でもそんなに複雑な構造ではなかったので、勝手知ったるなんとやら。
ウツギ博士がいるであろう、研究所の奥へと進む。

すると、案の定。
ウツギ博士はこちらに背を向けて、何か書き物をしていた。
私がいることには、まだ気付いていないようだ。
声、かけても大丈夫かな?

一歩博士のいる方へ踏み出した、そのとき。

「あっれ、カナエさんじゃん!」

え、と私とウツギ博士は同時にその声の方向を向く。
そこに居たのは、

「あ、ヒビキくん」

「あー……、びっくりしたよ。カナエちゃん、来たなら声かけてよ」

よっぽどびっくりしたんだろう、ウツギ博士は取り落としたペンを拾い、ヒビキくんと私を交互に見比べた。

「すみません、何か作業してたみたいだったんで…、」

「いや、いいよ。先にカナエちゃんの用を済ませよう。ヒビキ君、悪いけどお茶を入れてきてくれるかい?」

今日はどうやらコトネちゃんはいないらしい。
博士の言葉にヒビキくんは「はいはーい」と間延びした返事で答え、部屋から出ていく。

「さて…ああ、カナエちゃん。
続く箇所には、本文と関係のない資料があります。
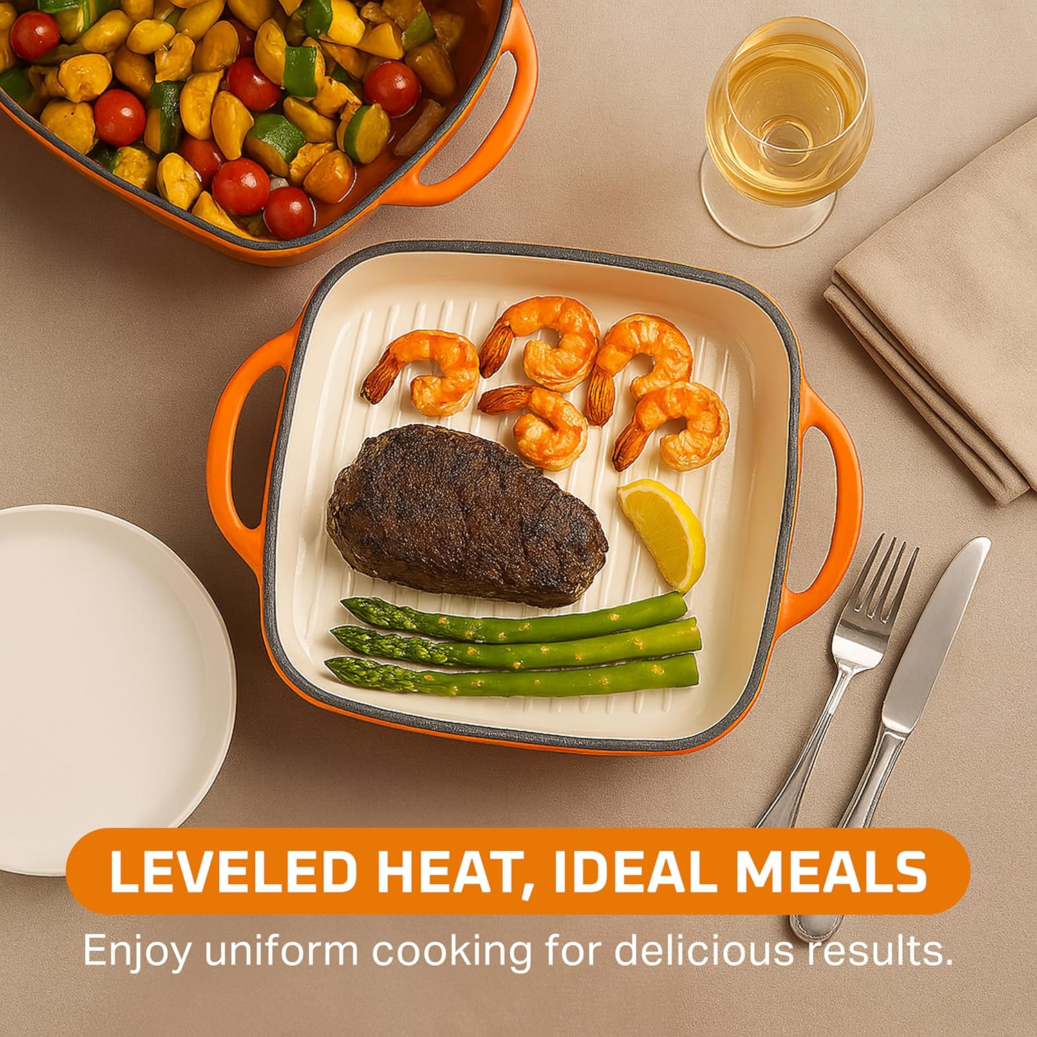 - Even Heat Distribution: This nonstick cast iron braiser pan with a lid ensures uniform heat distribution, keeping your dishes warm for hours and preventing food from sticking.

その辺適当に座るといいよ」

博士が作業をしていたのとは違うテーブルもそれなりに資料に埋もれている。
山が崩れないように端に寄せて椅子に腰掛けると、博士もその向かいに座る。

「どうだい、ジョウトを一周してみて」

ゆったりとテーブルの上で指を組んで、ウツギ博士は言った。
そっか…改めて言われると、そういえばジョウト地方を一周したんだ。
なんだか今更実感が湧いてくる。

「すごく…すごく、楽しかったです。向こうじゃ経験できないこともたくさんあったし、それに…大切な仲間がたくさん、できたんです」

「そっか。あのときはラルトスの蒼衣君と、チコリータの翡翠君だったね。今は、どんな仲間がいるんだい?」

研究所を出てすぐに出会った、傷付いたポッポの風音。
人間に捨てられ、それでも尚人間を愛したメリープのなぎ。
幼なじみを捜すために仲間に加わった、ガーディの炬。
自然を愛する真っ白な心をもった、パウワウの垂。

みんなとの出会いは、今でも鮮明に思い出すことができる。

ウツギ博士はそんな私の話をにこにこしながら聞いていた。

「そうか、いい仲間に出会えたんだね」

「はい、みんな…私の、自慢の仲間なんです」

ボールをそっと撫でると、それに応えるようにカタリと揺れた。